A stone lookout that no one had bothered to repair, and why should they have, nestled on high and might well have given a clear enough view and been used by that passeur, but Louis had gone back along the road a little.
The resident retainer’s house was on a postage stamp of a clearing, with woodpile, drive-shed, chickens, cow, goat, and he with one arm, the left. But the frayed bit of ribbon with its red-lined green moire and bronze palm on this bantam’s chest indicated a Croix de Guerre. Less than the five mentions a silver would have brought, but no matter since one was quite enough.
Full and broad, and not unlike Werner Dillmann’s, the grey and mercilessly tended moustache was given a decisive knuckle brush. ‘Me, Horace Rivet and former corporal in an army that was an army and didn’t run like those in this war, cannot let you pass, Inspectors. The wife will insist. She’s a Jouvand. Her father and mother are far worse.’
‘Are there others who would watch and report our trespassing if you did allow us to have a look?’ asked Louis, pleasantly enough.
‘They are all too busy at the harvest but will have seen that car of yours taking to this hill.’
‘It’s urgent. A murder inquiry. Your assistance is not only necessary, Corporal, it’s demanded under the law.’
Ah bon, firmness would be necessary. ‘Arrest me, then. If my boys were here, and not in the prisoner-of-war camps of that one, and let me tell you they and the others with them fought bravely, I would simply stand back and have them deal with you. It’s far too dangerous as the sign plainly states, or is it that you can’t or refuse to read?’
God would use the stubborn ones. ‘Like yourself, we were both soldiers and know well enough what to watch out for.’
‘Then you will understand perfectly that buried materiel can choose its moment even after the years of waiting.’
Which was absolutely true, given the recurring news reports of unfortunate farmers inadvertently hitting something or trying to dig it up. ‘That partner of mine is a Gestapo.’
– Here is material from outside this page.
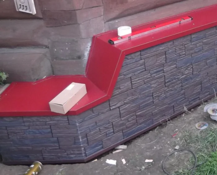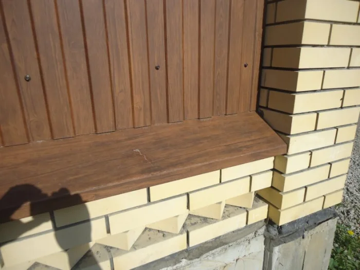 | 1 | Укрепите конструкцию забирки (фальш-цоколя) в зоне крепления отлива. | Забирка из тонкого сайдинга может не выдержать. Добавьте за обшивкой деревянный брус или металлический профиль. |

He would toss the hand at such muscle, felt Rivet. ‘Even if he were that one’s Fuhrer, access would still be forbidden.’
Cheapness would allow Hermann to shine. ‘Would fifty francs help?’
‘Merde alors, what is this I am hearing from a Surete? The badge, Inspector. The number?’
A sigh had best be given, a hand tossed as well. ‘He’s one of Franchet d’Esperey’s men, Hermann. The Fourth Corps, but then the Third and Tenth joining them. The Battle of Guise, to Frenchmen; to yourselves, that of Saint-Quentin. Demoralized and discouraged, men like Corporal Rivet found in that new commander of theirs the necessary and fought bravely with both impressive courage and decisiveness.’
‘Dawn, 29 August 1914,’ said Rivet, ‘and the mist as thick as porridge. Nothing but fear in our hearts, the battle wearing on and on until, at about 1800 hours, the miracle. There he was riding that chestnut charger of his out in front and waving us on. The whole of the German line gave way as we drove them back.’
‘The British calling him “Desperate Frankie,” Hermann; his men, “the fire-eater.”’
‘Our right flank then digging in atop the Chemin des Dames, eh, Louis, to begin that terrible trench warfare you’ve been telling me about. Quit being so cheap. Here’s a thousand, Corporal.’
‘I’ll say I was in the shithouse.’
‘And the wife?’ hazarded St-Cyr.
‘No artichokes from Laon for four years if not eight, she’d tell you because of what those damned people from the Rhine and to the east of it had done to that beautiful city. No asparagus and strawberries from Chenay because of the battery there that was like this one? Had I not been in those “trenches” myself, I’d have wept like her and her parents, God rest them all.’
‘Give him 2,000 francs, Hermann.’
These two must really be determined. ‘No one comes here. Indeed, why should they, and yet suddenly there are others and then yourselves?’